The erythrocyte-limited model of parasite dynamics predicts that even for a basic reproduction rate R 0 ≤ 2, P. vivax infection would eventually deplete the reticulocyte pool enough to kill the patient: there would not be enough replacements for aged RBCs removed by the spleen (McQueen and McKenzie 2004). Figure 3 shows some typical simulation results. [The results in the figure are slightly different from those presented in McQueen and McKenzie (2004) because (1) σ of the infected RBC stage is 2.4 h instead of 4.8 h as in that paper, and (2) the level of lethal anemia was set lower than in that paper.] One effect apparent in Fig. 3 is that a compensatory response of RBC production would make matters worse for the host with P. vivax infection by lowering the value of R 0 at which death via severe anemia could occur, as well as increasing the overall parasitemia. Conversely, dyserythropoiesis would tend to lower the number of parasites produced in lethal infections. These latter effects would also occur in the resource-limited model of P. falciparum infection, but then there is less effect on the survival of the host (see Fig. S1 in the ESM).

Fig. 3
figure 3

a Time of death for simulated P. vivax infection, T D , assuming no immune constraints, as a function of basic reproduction rate R0. b Corresponding total number of RBCs parasitized during the infection, IBC INT . The basal results are for an erythocyte production rate at its basal value; comp results are for a production rate up to five times the basal value to compensate for blood loss due to infection; and dys results assume dyserythropoiesis: the production rate reduced by an amount equal to twice the rate of depletion of RBCs by infection. Infections were simulated for 5 years unless the RBC count dropped below 60% of the basal count, at which point the host was assumed to have died from anemia and the simulation was terminated. Each curve is the result of simulations at 1,000 random values for R0 chosen uniformly on the interval [1.01, 15.0]. Note: Log-log scale for both axes; horizontal axis is log (R0 − 1) in order to emphasize the differences between the curves

Since R 0 ≈ 15 in actual infections, even in patients who survive the disease, human immune constraints on the growth of P. vivax must be very tight indeed! Even though the erythropoietic function affects some of the details of the erythrocyte-limited model infection outcome, infection with P. vivax in this model would be lethal even if R 0 were just above 1 regardless of the erythropoietic function.

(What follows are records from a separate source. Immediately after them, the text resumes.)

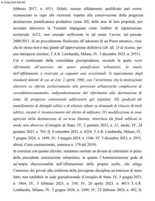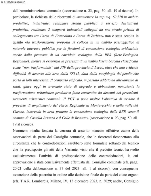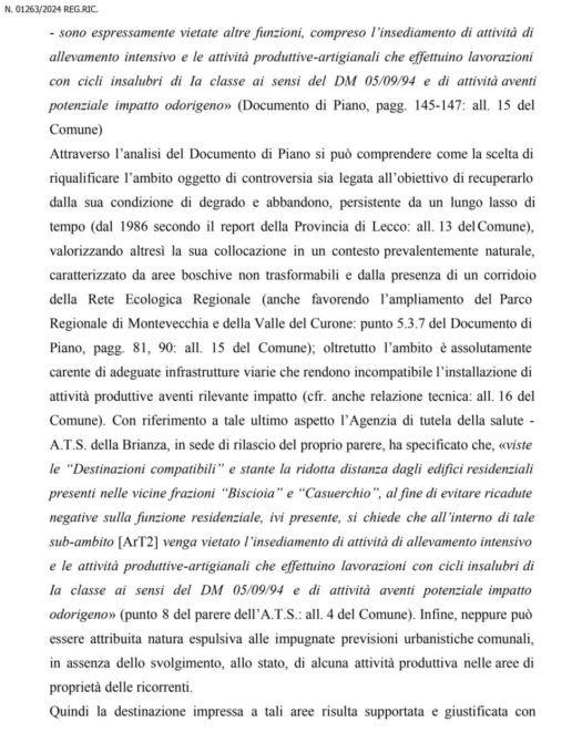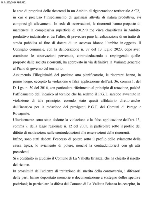 Quasi 10 milioni di euro di risarcimento danni e l’annullamento del Piano di governo del territorio: questo chiedeva al Tribunale amministrativo il colosso dei salumi, contestando la scelta dell’Amministrazione Panzeri che in sede di elaborazione della variante al Pgt – entrato in vigore il 27 marzo 2024 – aveva cancellato con un colpo di spugna la destinazione produttiva-industriale dell’ex allevamento nella zona di Francolino e Zerbine dove una quindicina d’anni fa l’azienda intendeva realizzare un nuovo capannone per ampliarsi.
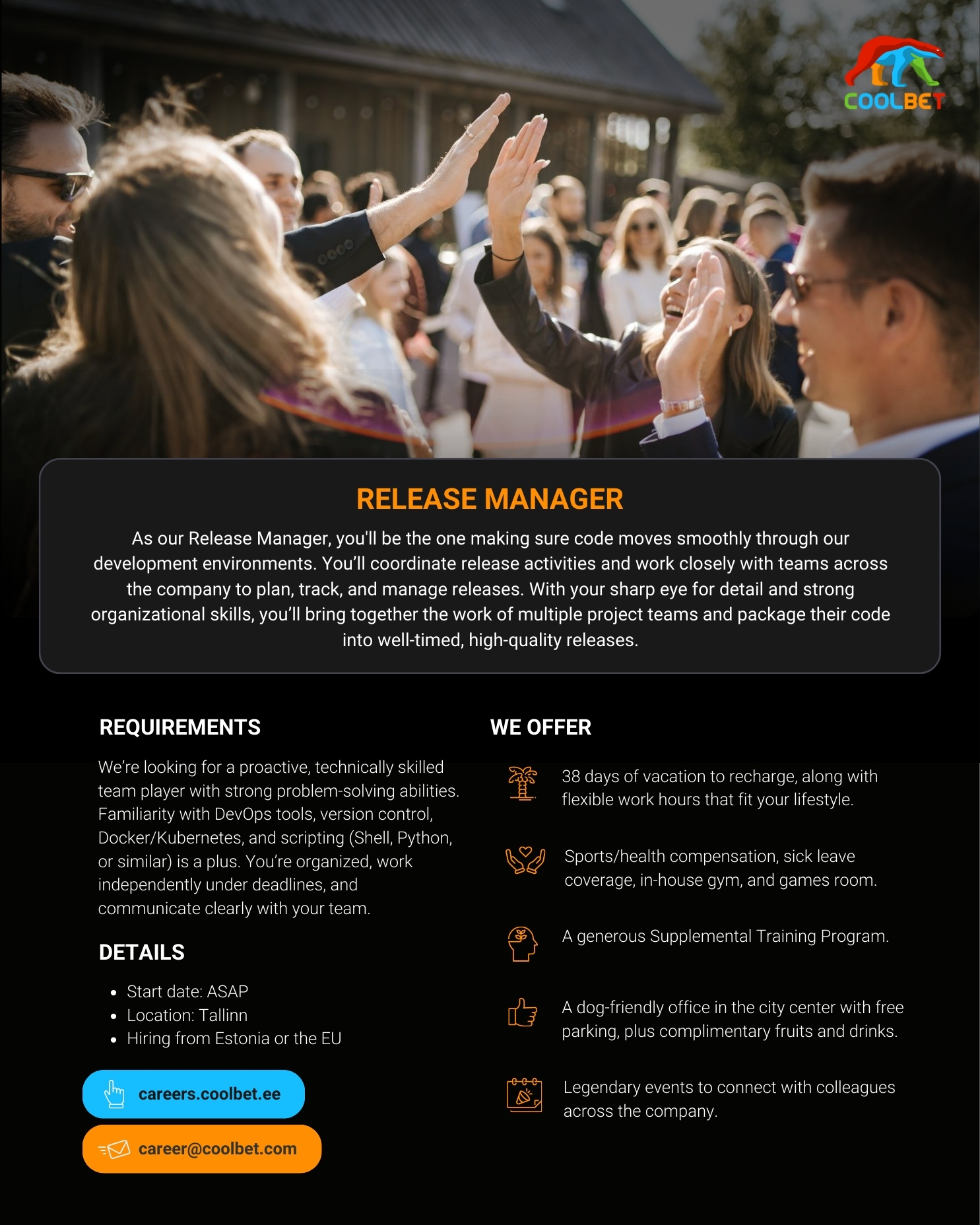 And the best part? We're growing fast and looking for new talent to join our team! Whether you're a seasoned pro or just starting out, we've got opportunities for everyone. So why not take a chance to apply now to take part in our new adventure and discover why Coolbet is the place to be? With our unique blend of innovation, responsibility, and fun, you'll never want to leave.
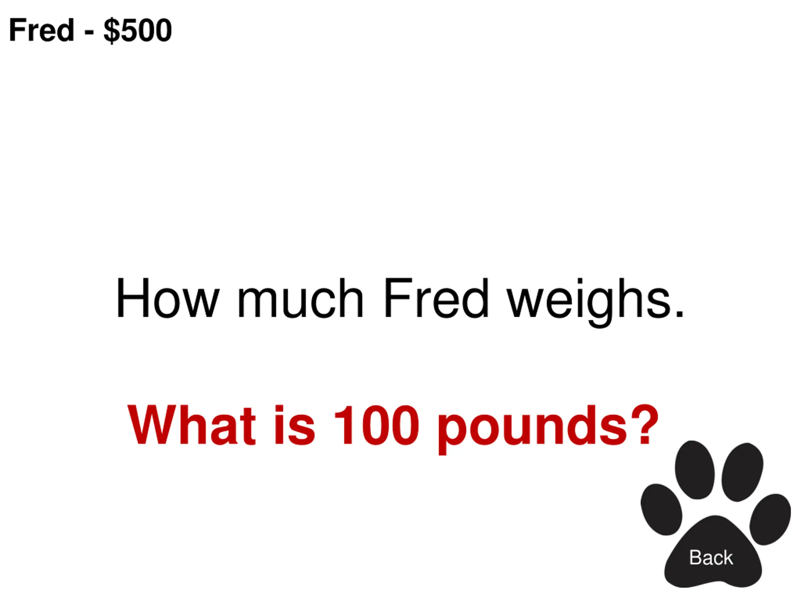 Fred - $500 How much Fred weighs. What is 100 pounds? Back Back
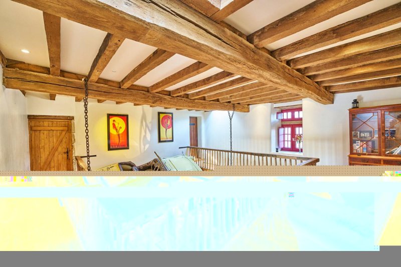 La propriété est composée au rez-de-chaussée d'une grande pièce de vie avec de beaux volumes, une cuisine équipée et aménagée avec cheminée, une chaufferie et une première chambre avec salle d'eau et WC au rez-de-chaussée de la tour. Vous accéderez à l'étage par un très bel escalier menant à une mezzanine plongeant sur la pièce de vie et donnant accès à 2 chambres avec salles d'eau et WC et une quatrième chambre parentale avec salle de bain et WC.
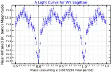 A near-infrared (K band) light curve for WY Sagittae, adapted from Somers et al. (1996).[8] The ordinate is linear in flux.
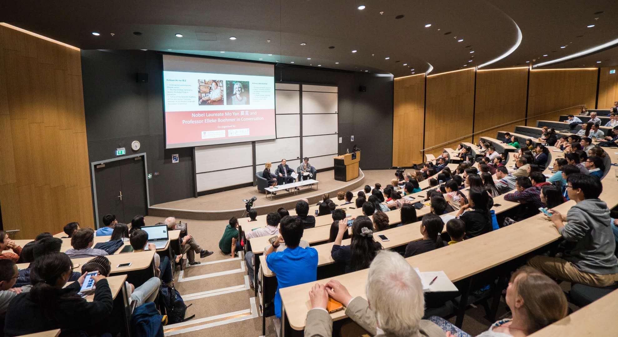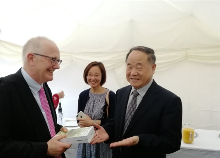 莫言教授一行在牛津大学摄政学院院长Robert Ellis、牛津大学摄政学院教授Lynn Robson、牛津大学全球发展展望中心主任Shidong Wang、牛津大学世界文学系系主任Ros Ballaster的陪同下参观了摄政学院和世界文学系,就多个合作意向形成共识,并与世界文学系师生进行了座谈。随后,莫言教授就自己的文学创作经历和世界文学的发展主题做了演讲,并与英国作家、牛津大学人文研究中心主任Elleke Boehmer进行了高端对话,该活动吸引了来自牛津大学和英国其它高校的师生近400人。
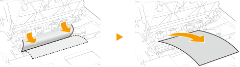 Tag fat i begge kanter af papiret, træk den forreste ende af papiret ned, og træk det derefter ud.
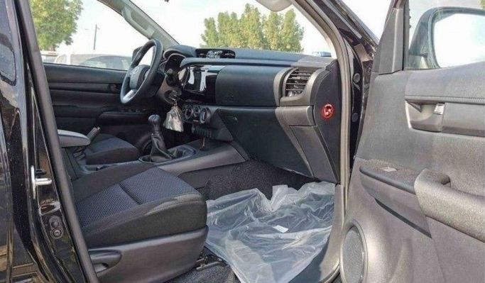 This new 2024 Toyota Hilux VIII Facelift is a double cab pickup built for work and everyday use. It pairs a 2.4-liter diesel engine with 150 hp to a manual transmission, delivering solid thrust and precise control. All-wheel drive enhances traction across surfaces, while the exterior black finish gives a bold, no-nonsense look. Inside, the crew cab layout prioritizes practicality with durable materials and a straightforward control setup designed for long days on the road or at the job site. The facelift updates bring refreshed styling and modern cues to both the exterior a
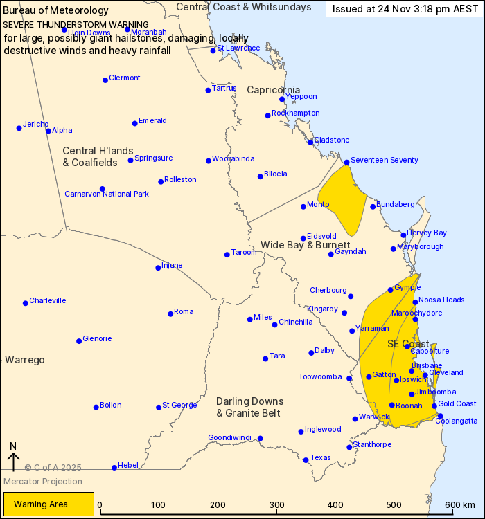be affected include Gold Coast, Brisbane, Maroochydore, Ipswich,
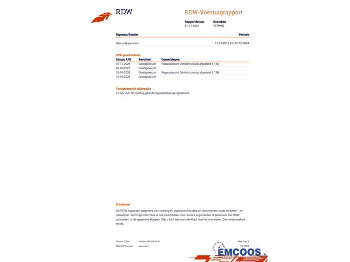 Kilometerstand gecontroleerd
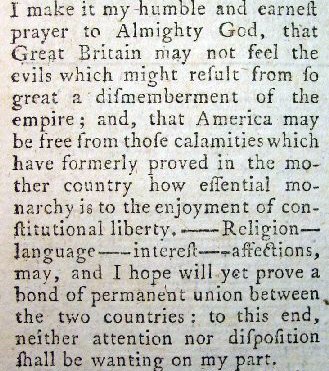 1783 Annual Register End of Revolutionary War - Peace Treaties and Recognition of American Independence George Washington Gives Up His Command of the Continental Army: Circular Address and Final Orders Emphasize Need For Stronger Federal Government The highlight of this volume is the acknowledgement by the King of England and the English Parliament that the former English colonies in America were free and independent states. In this volume that acknowledgement comes in a variety of forms, the full text of the speech of King George III in December 1782 in which he notes his offer "to declare them free and independent states," the full text of the September 1783 peace treaty between the United States and England signed by Benjamin Franklin and John Adams, and an extended history of the peace negotiations and significance of the treaty provisions. There are two more interesting historical items in this volume that flowed directly from those peace negotiations. The first was settling account with France, the biggest financial and military supporter of America during the war and the second was the resignation of George Washington as head of the Continental Army and his advice to his troops, Congress and Governors. Below are two excerpts from the speech of King George III to Parliament in December 1782 which for the first time acknowledged American independence and his self-serving wish that "America may be free from those calamities which have formerly proved in the mother country how essential monarchy is to the enjoyment of constitutional liberty." He was right that something more than the Articles of Confederation were needed, but it was not an monarchy, it was our own Constitution adopted in 1787.
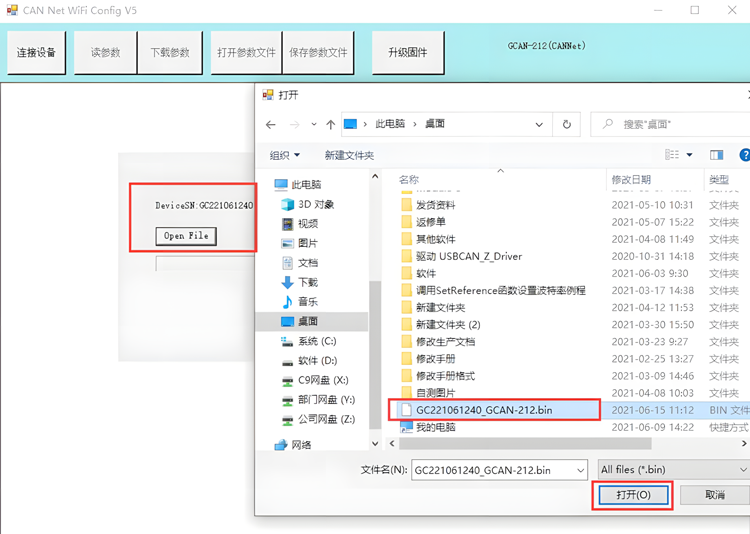 从设备中下载参数上传的配置参数或用户手动配置的参数,可以点击“保存参数文件”将配置信息保存到本地文件。此配置文件也可通过软件“打开参数文件”打开,以便以后使用。
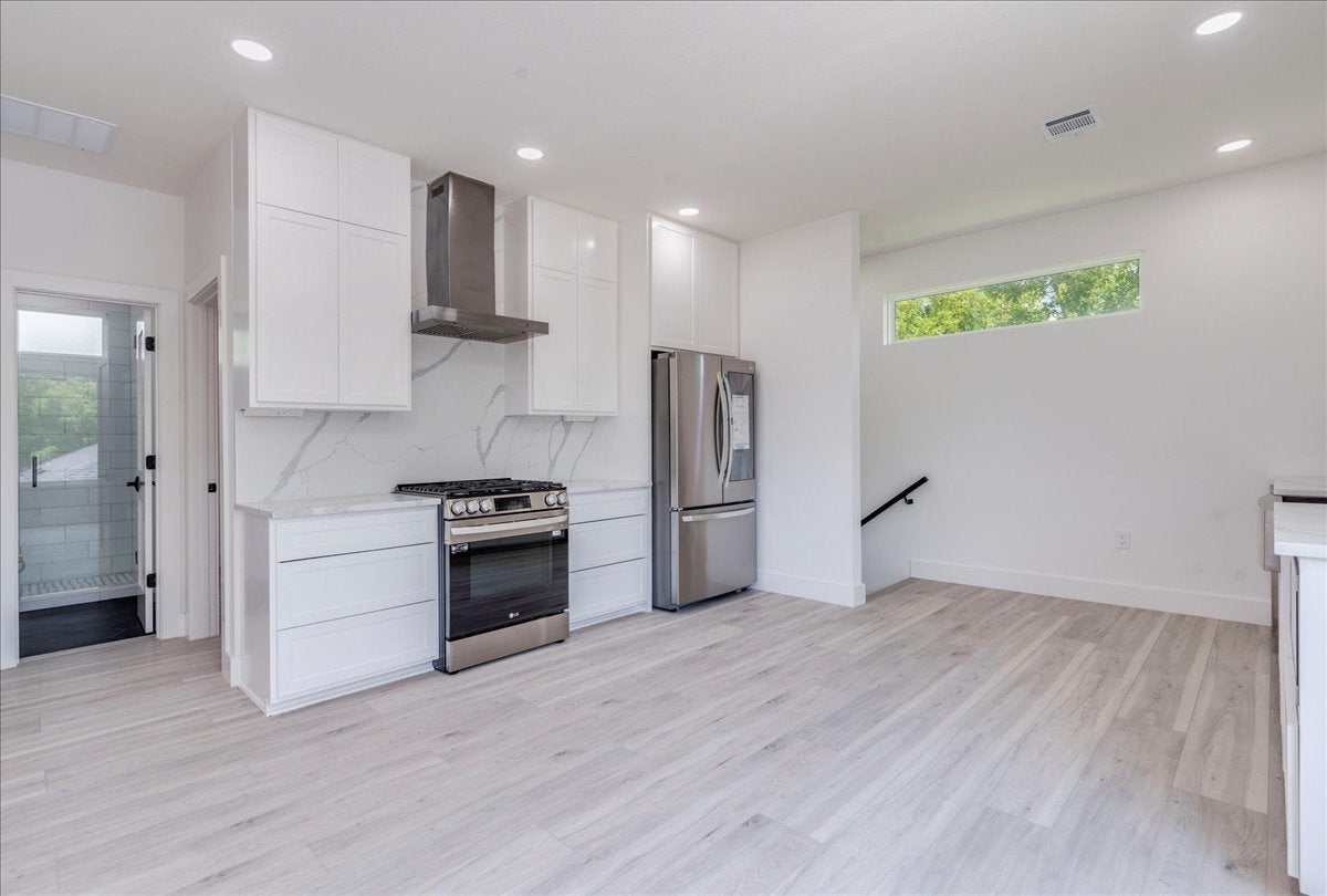 - Dryer, Dishwasher, ENERGY STAR Qualified Appliances, Free-Standing Gas Range, Disposal, Microwave, Refrigerator, Tankless Water Heater, Washer, Range Hood, Stainless Steel Appliance(s)
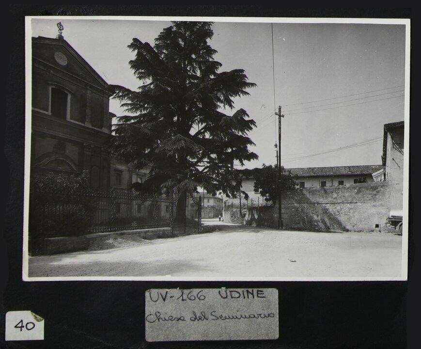 Udine, via Giuseppe Ellero (prima dell'apertura di viale Ungheria): la chiesa di San Bernardino da Siena (1522), oggetto di restauro e ampliamento sia nel Settecento, su progetto di Giorgio Massari - proponendo uno stile neoclassico - sia nel 1950, a seguito dei bombardamenti della seconda guerra mondiale. Sullo sfondo, al centro, un uomo.
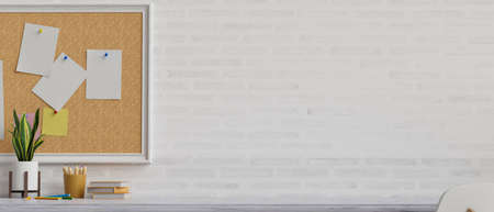 Minimal working space with notice board on the brick wall and stationery on the table, 3D rendering, 3D illustration

The importance of the age-structured nature of the attack of P. vivax becomes apparent when examining Fig. 4, which shows results for simulations using parameters for the pathogen Plasmodium malariae, an attacker of senescent human RBCs. [The duration of the infected RBC stage for this pathogen is 72 h instead of 48 h. See McKenzie et al. (2001) for a review of knowledge about this parasite.] No simulated P. malariae infection ended in host death unless there was dyserythropoiesis, even though P. malariae attacks a slightly larger subset of RBCs in this model. Since no other stage of RBC development depends on the senescent cells, depletion of this population would not cause severe anemia unless a secondary effect disrupted the production of RBCs or killed uninfected RBCs.

Fig. 4
figure 4

Panels a and b are the same as in Fig. 3, except that the model pathogen is P. malariae; see the section “Plasmodium vivax is an insidious pathogen” for details. Curves are the same erythropoietic responses as in Fig. 3. Note for a: only simulation with dyserythropoiesis ended with death of the host

If both P. vivax and P. falciparum infect the host in an erythrocyte-limited model, the results depend on which infects first, and their respective values of R 0. Basically, we found that the species with the largest value of R 0 dominates. See McQueen and McKenzie (2006) for more detailed discussion.

Adding host immunity

In real malaria infections, hosts mount aggressive immune responses, both innate and adaptive. For example, the report of Karunaweera et al. (1992) illustrates the quick production (and then decay) of cytokines associated with innate responses in patients infected by P. vivax. [Some good reviews of immune responses to malaria are Engwerda and Good (2005), Karunaweera et al. (2003), and Plebanski and Hill (2000).] To address how the presence of immune responses might affect the virulence of Plasmodium spp., we added additional components to the model to incorporate two types of immune reactions: (1) a fast acting, fast decaying response to mimic the intense innate reactions seen in malarias, and (2) a slowly activating, slowly decaying response to mimic an antibody response. Since some of the innate immune reaction is believed to be triggered by the bursting of the schizonts, the model innate response is triggered when the level of late-stage-infected RBCs is above a threshold (that varies from simulation to simulation). Then a factor is produced that attacks some subset of the parasite; the rate of removal of parasites, C, would be

$$ C = {\xi_{Inn}}At{t_{Inn}}P $$
(5)

Here, Att Inn is the attacker level in the blood for the model innate reaction, ξ Inn is the binding affinity of the attacker to the targeted parasites, and P is the subset of parasite population that is attacked. (For example, it could be only infected RBCs that are trophozoites. In another simulation it might be only schizonts.) In a sense, it is the product ξ Inn Att Inn that is the tangible quantity, as it is a rate of removal. The model antibody response is similar, except that a delay is incorporated before the level of the attacker factor grows; a formalism similar to that of Eq. 3 above enforces the delay. The dynamics of both types of immune responses are modeled with a system of differential equations; for details see McQueen and McKenzie (2008). Also, the immune components of the model are expounded in the ESM.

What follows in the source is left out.